Leading Melbourne forme cutting company Hygrade Group – which has supplied the printing and packaging industry with high quality tooling for over 60 years – has closed its doors and gone into voluntary administration, with about 50 staff members losing their jobs.
Notices posted on the ASIC site announced that Hygrade Group, Hygrade Cutting Formes and Hygrade Management & Software had been placed in administration on 15 June.
Administrators David Vasudevan and Andrew Yeo of Pitcher Partners have called the first creditors’ meeting at their offices in William St, Melbourne on 26 June.

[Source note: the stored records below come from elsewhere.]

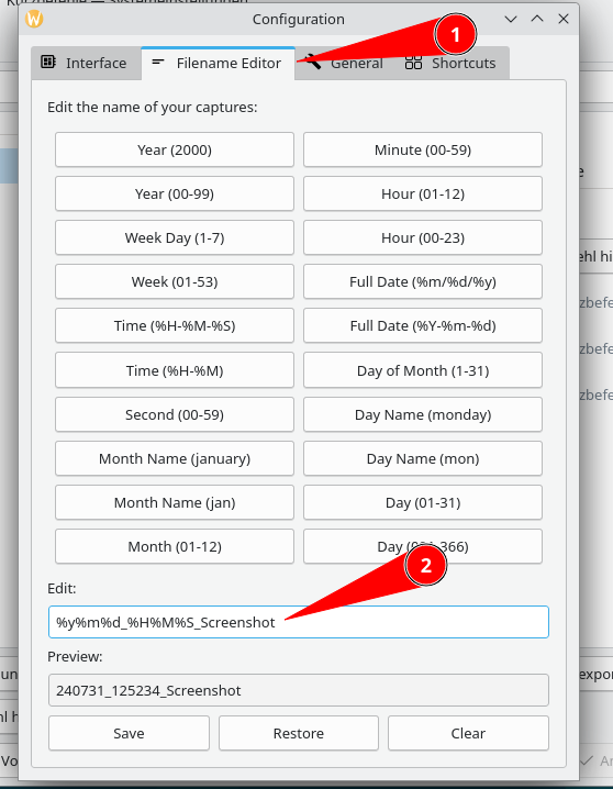 Hier können das grundsätzliche Design angepasst, Schaltflächen ausgeblendet, Speicherpfade vorgegeben und Shortcuts eingesehen werden. In der Regel lasse ich das unverändert … mit einer Ausnahme: Unter “Filename Editor” passe ich den Default-Name für einen zu speichernden Screenshot wie folgt an:
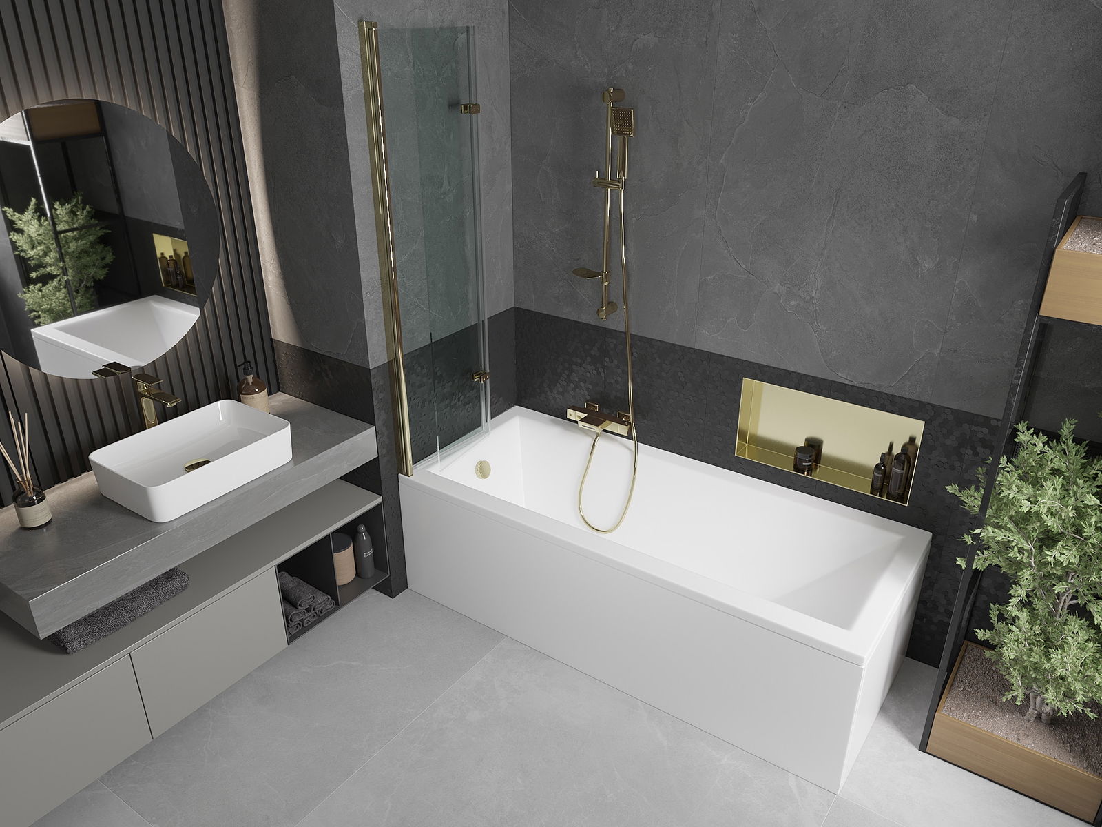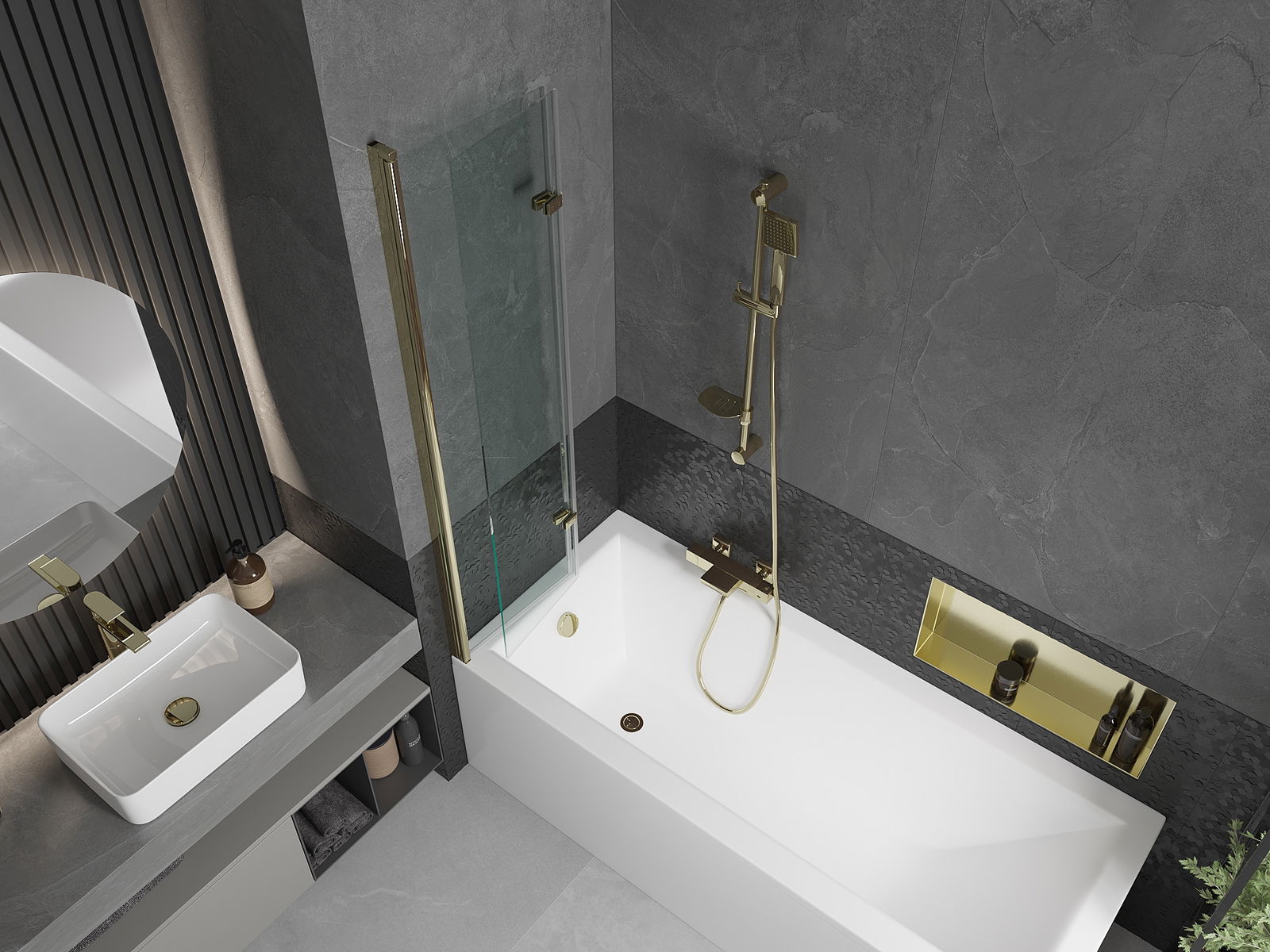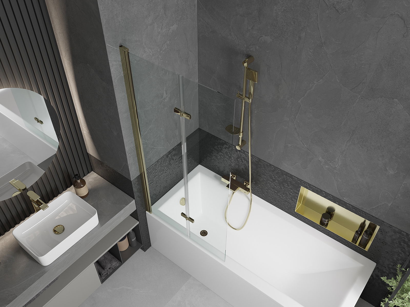 Екранът е направен от две крила с възможност за сгъване. Това решение спестява повече място в банята и ви позволява свободно да използвате останалото пространство, когато не използваме зоната за къпане.
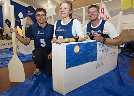 Once done, at around 2300 it was then back into the van bound for the Weymouth & Portland Sailing Academy. En route they were told about their own version of the ‘Sikaflex challenge’ to build a boat (a mini Open 60 ideally) on a limited 'virtual' budget of £1000 with materials and tools available from a ‘shop’ set up within the Academy (a slight change from last year when all the materials were provided). In addition, this year they also had to build sails for their vessels.
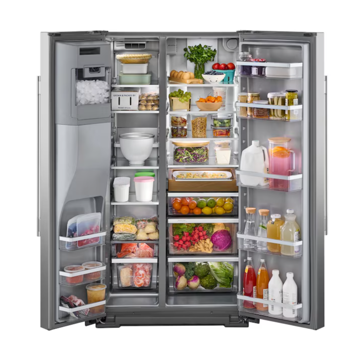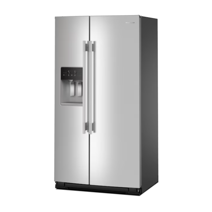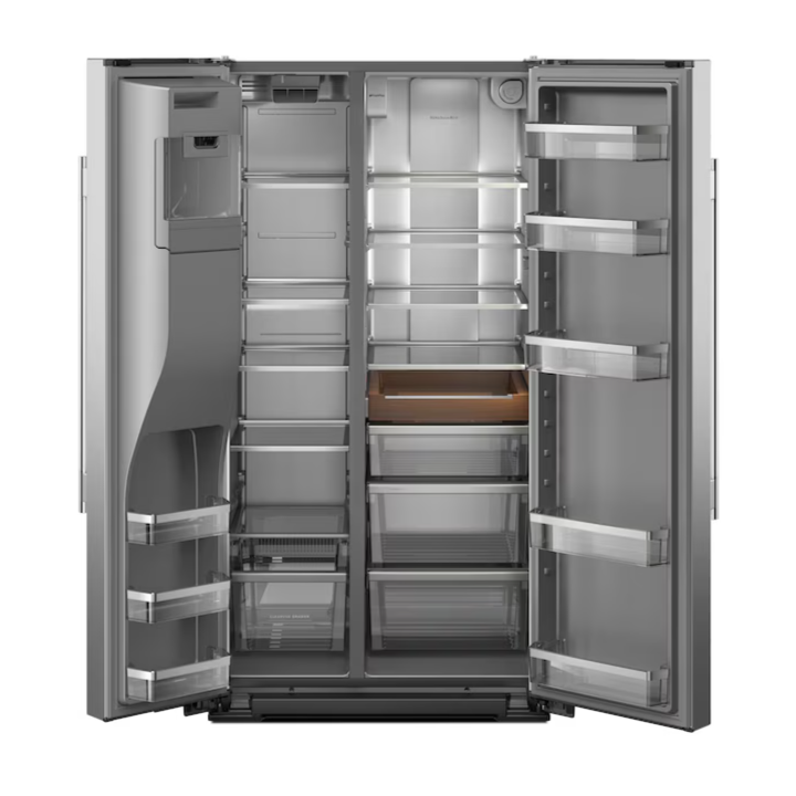 Make room for every grocery run and farmers market haul. This large capacity KitchenAid® side-by-side refrigerator has a Counter-Depth Design that fits with surrounding cabinetry to create a built-in appearance. The Signature Platinum Interior with Panoramic LED Lighting showcases your ingredients across nine removable shelves. And the Exterior Ice and Water Dispenser with Measured Fill allows you to select and dispense the exact amount you need in ounces, cups or liters.
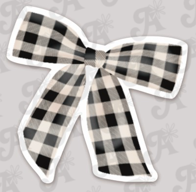 Elevate your style with this black and white gingham bow sticker. Waterproof vinyl construction keeps it looking fresh on laptops, water bottles, and more. Durable, fade-resistant, and easy to apply—the perfect way to add preppy charm to anything you own.
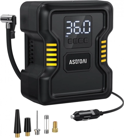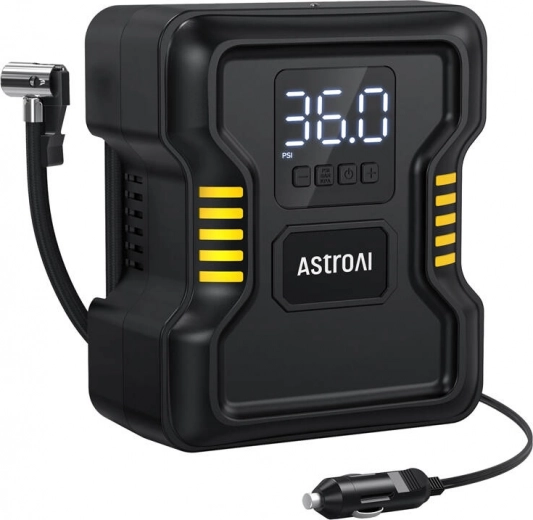 AstroAI donosi pouzdano rješenje za svakodnevno i hitno napuhavanje guma. Precizno postavljanje ciljane vrijednosti tlaka i funkcija auto stop štite od prenapuhavanja, što poboljšava upravljivost vozila i produljuje vijek trajanja guma. Osvijetljeni digitalni zaslon i integrirana LED svjetiljka olakšavaju rukovanje i u lošijim svjetlosnim uvjetima.

Hygrade Group CEO Rudi Jansen has been unavailable for comment. A former staff member who answered the phone at the company’s Northgate Drive, Thomastown factory - “just here tidying up a few things” - said the news had come as a shock to about 50 fellow workers. Hygrade has an additional manufacturing plant in Melbourne, two manufacturing plants in Sydney and one in Wellington, New Zealand.
“Hygrade were one of the largest, if not the largest cutting forme suppliers to the trade in Melbourne,” says an industry observer.
According to its website, Hygrade was established in a small West Heidelberg factory in 1966 by Alf Holmes and Oliver (Bulla) Hornsby, who had 'a vision to build a business that would manufacture competitively priced, quality tools.’
The company later expanded to a larger factory in Thomastown and established an export program, with tooling sets sold to markets in New Zealand, United States, Vietnam, Singapore, Korea, Malaysia and China.
Hygrade’s technology line-up included: seven lasers, three counter cutters, computerised rule benders and processors, six axis engraving machines, a CNC Water Jet cutting machine, a 2.5 kilowatt laser and a CNC router.